The decision tree model will be made it again, but with a `max_depth` of 20 to stop the algorithm from reaching the stopping point. The new accuracy rate of ~41% is worse than the first iteration, but slightly better than the KNN model. 

In [None]:
cart_model20 = DecisionTreeClassifier(max_depth = 20).fit(X_train, Y_train) 
cart_predictions20 = cart_model20.predict(X_train) 

In [None]:
cart_predictions20

In [None]:
print(classification_report(Y_train, cart_predictions20))
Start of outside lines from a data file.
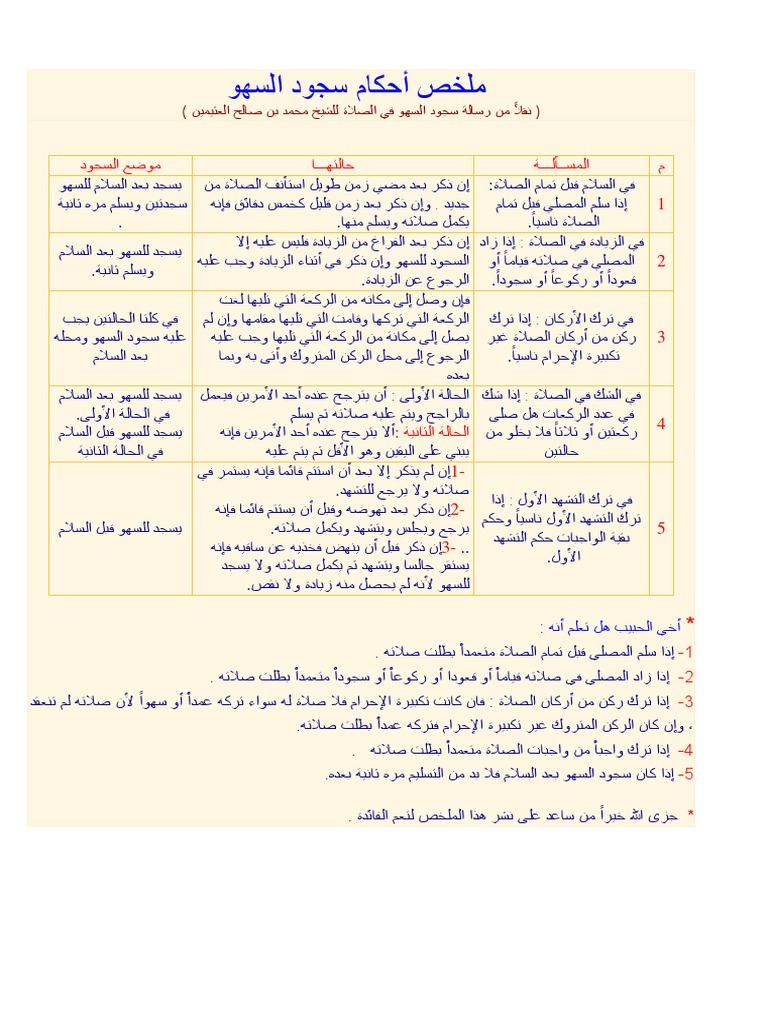 ملخص أحكام سجود السهو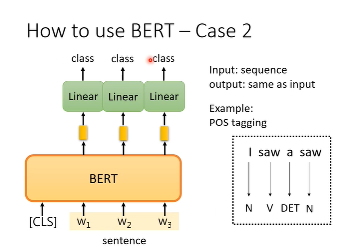 那么BERT需要训练的是,这个盖住部分对应的BERT输出的向量,要与原本被盖住前的字越接近越好。训练时BERT和Linear一起训练,这个训练方法叫做masking。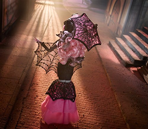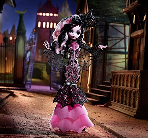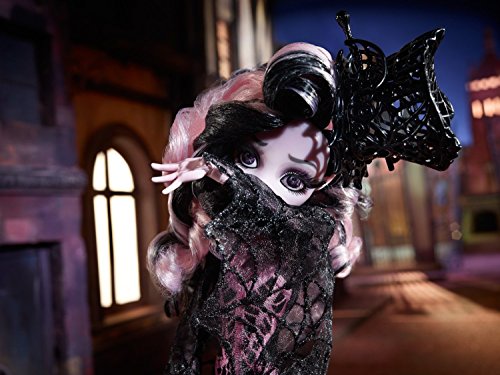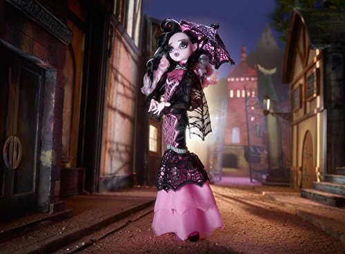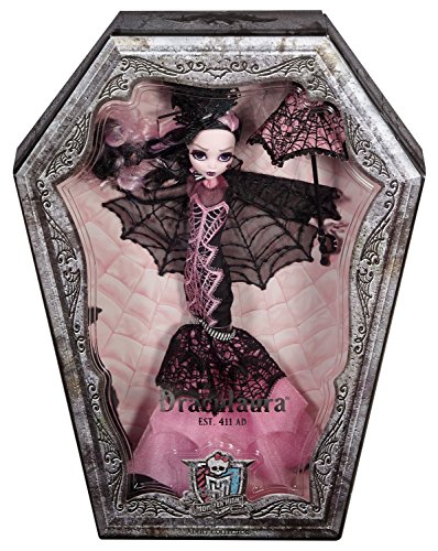 -. Binding : Toy -. Brand : Monster High -. Color : null -. EAN : 0887961089981 -. Feature : Draculaura is monster royalty, and she looks it in this luxe outfit that screams high fashion and monster ancestry / Her gore-geous mermaid dress has a black bodice adorned with pink embroidery and a pink and black chiffon ruffled skirt / A sheer black bat wing-inspired cape, black lace-like top hat and killer shoes add killer drama / Her embroidered pink and black umbrella can be opened or closed for a killer pose! / A longer torso and legs, rooted eyelashes and a glazed eye finish make this doll perfect for dynamic posing and monsterrific display -. IsAdultProduct : 0 -. ItemPartNumber : CHW66 -. Label : Mattel -. Manufacturer : Mattel -. Model : CHW66 -. MPN : CHW66 -. PackageQuantity : 1 -. PartNumber : CHW66 -. ProductGroup : Toy -. ProductTypeName : TOYS_AND_GAMES -. Publisher : Mattel -. Size : null -. Studio : Mattel -. Title : Monster High Draculaura Collector Doll (Amazon Exclusive) -. UPC : 887961089981 -. Warranty : 1 year warranty against manufacturer defects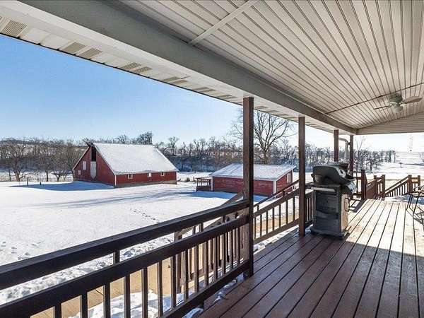 Tranquil and secluded living right on the Illinois–Wisconsin border awaits on this beautiful 4.96-acre farmette, where pasture and woods open to sweeping valley views. UTV enthusiasts will feel right at home here, with plenty of room to explore and enjoy the outdoors. Take in the peaceful setting from the covered porch, wrap-around deck, tile block patio area, or simply wander the yard and woods and soak in the scenery. The updated bungalow-style home features hardwood and tile flooring throughout and an open, welcoming floor plan that blends the kitchen, dining, and living areas seamlessly. A walk-in pantry adds convenience, while the flexible layout allows for one or two main-level bedrooms—perfect for a bedroom, office, or exercise room, depending on your needs. Upstairs, you’ll find a spacious primary suite with laundry nearby, along with an additional bedroom or office. Outbuildings add tremendous value and versatility, including a 24 x 26 insulated detached garage, new sidewalks, an asphalt drive with turnaround, and an enclosed porch that offers extra storage and keeps the elements at bay. The property also includes a 12 x 24 storage shed currently used as a chicken coop and a 40 x 54 barn with a metal roof and nearby water hydrant. This setting is ideal for gatherings, gardening, hobby farming, or raising a few horses, cows, chickens, or other animals. It’s also a wonderful opportunity for those seeking a more self-sufficient, off-the-grid lifestyle. The work is done—now it’s time to relax and enjoy. Bring your pre-approval letter and come discover everything this special property has to offer.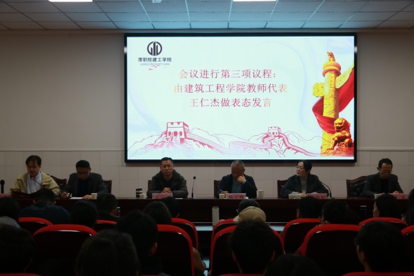 为不断提升学院各专业教学质量和人才培养质量,努力营造优良的育人环境,强化学生管理,提升办学品位,促进优良教风学风形成,11月14日下午,建筑工程学院在3101召开了教风学风建设活动启动仪式。参加会议的有建筑工程学院党总支书记杨子峰,建筑工程学院院长姚艳红,副院长王志皓,办公室主任林果,全体任课教师,学生代表。会议由建筑工程学院教师宋志广主持。

If we check again with cross validation, the new model is still averaging ~8% which is not very good. 

In [None]:
results20 = cross_val_score(cart_model20, X_train, Y_train, cv=kfold, scoring='accuracy')

print(results20)
print("Baseline: %.2f%% (%.2f%%)" % (results20.mean()*100, results.std()*100))

#### Final Model

So it seems that the `knn_model` might be the best model for OkCupid to use when users don't have their signs listed on their user profile. By using the hold out or validation set, we get ~8% accuracy which is not very good. 

In [None]:
knn_predictionsVal = knn_model.predict(X_val) 
print(classification_report(Y_val, knn_predictionsVal))
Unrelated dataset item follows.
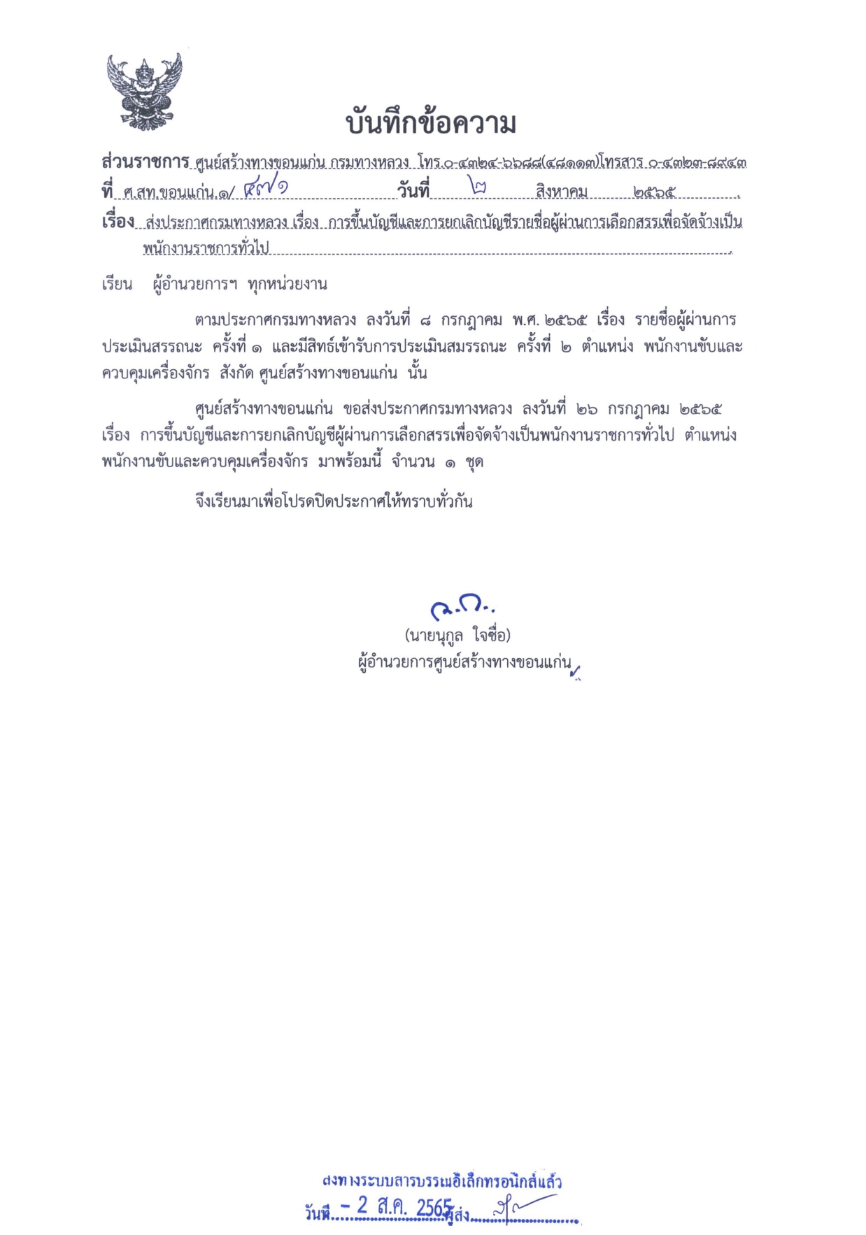 ประกาศขึ้นบัญชีและยกเลิกบัญชีรายชื่อผู้ผ่านการเลือกสรรเพื่อจัดจ้างเป็นพนักงานราชการทั่วไป

In the confusion matrix, it becomes clear that Cancer, Gemini, Leo, and Virgo was predicted most often, but was not super accurate since the vertical color band represents even distributed guesses mostly wrong and some correct. 

In [None]:
final_cm = confusion_matrix(Y_val, knn_predictionsVal)
knn_labels = knn_model.classes_


In [None]:
final_cm

In [None]:
knn_labels

In [None]:
plt.figure(figsize=(10,7))

ax= plt.subplot()
sns.heatmap(final_cm, annot=True, ax = ax, fmt="d");

# labels, title and ticks
ax.set_xlabel('Predicted labels');
ax.set_ylabel('True labels'); 
ax.set_title('Confusion Matrix');
ax.yaxis.set_tick_params(rotation=60)
ax.xaxis.set_tick_params(rotation=45)

ax.xaxis.set_ticklabels(knn_labels); 
ax.yaxis.set_ticklabels(knn_labels);

#### General Comments

In this project machine learning was used to predict the astrological signs of OkCupid users. This is an important feature since many people believe in astrology and matches between compatible star signs. If users don't input their signs, an algorithmic solution could have generated a sign to impute missing data when making matches.

Alas, the final selected algorithm did no better than basic guessing.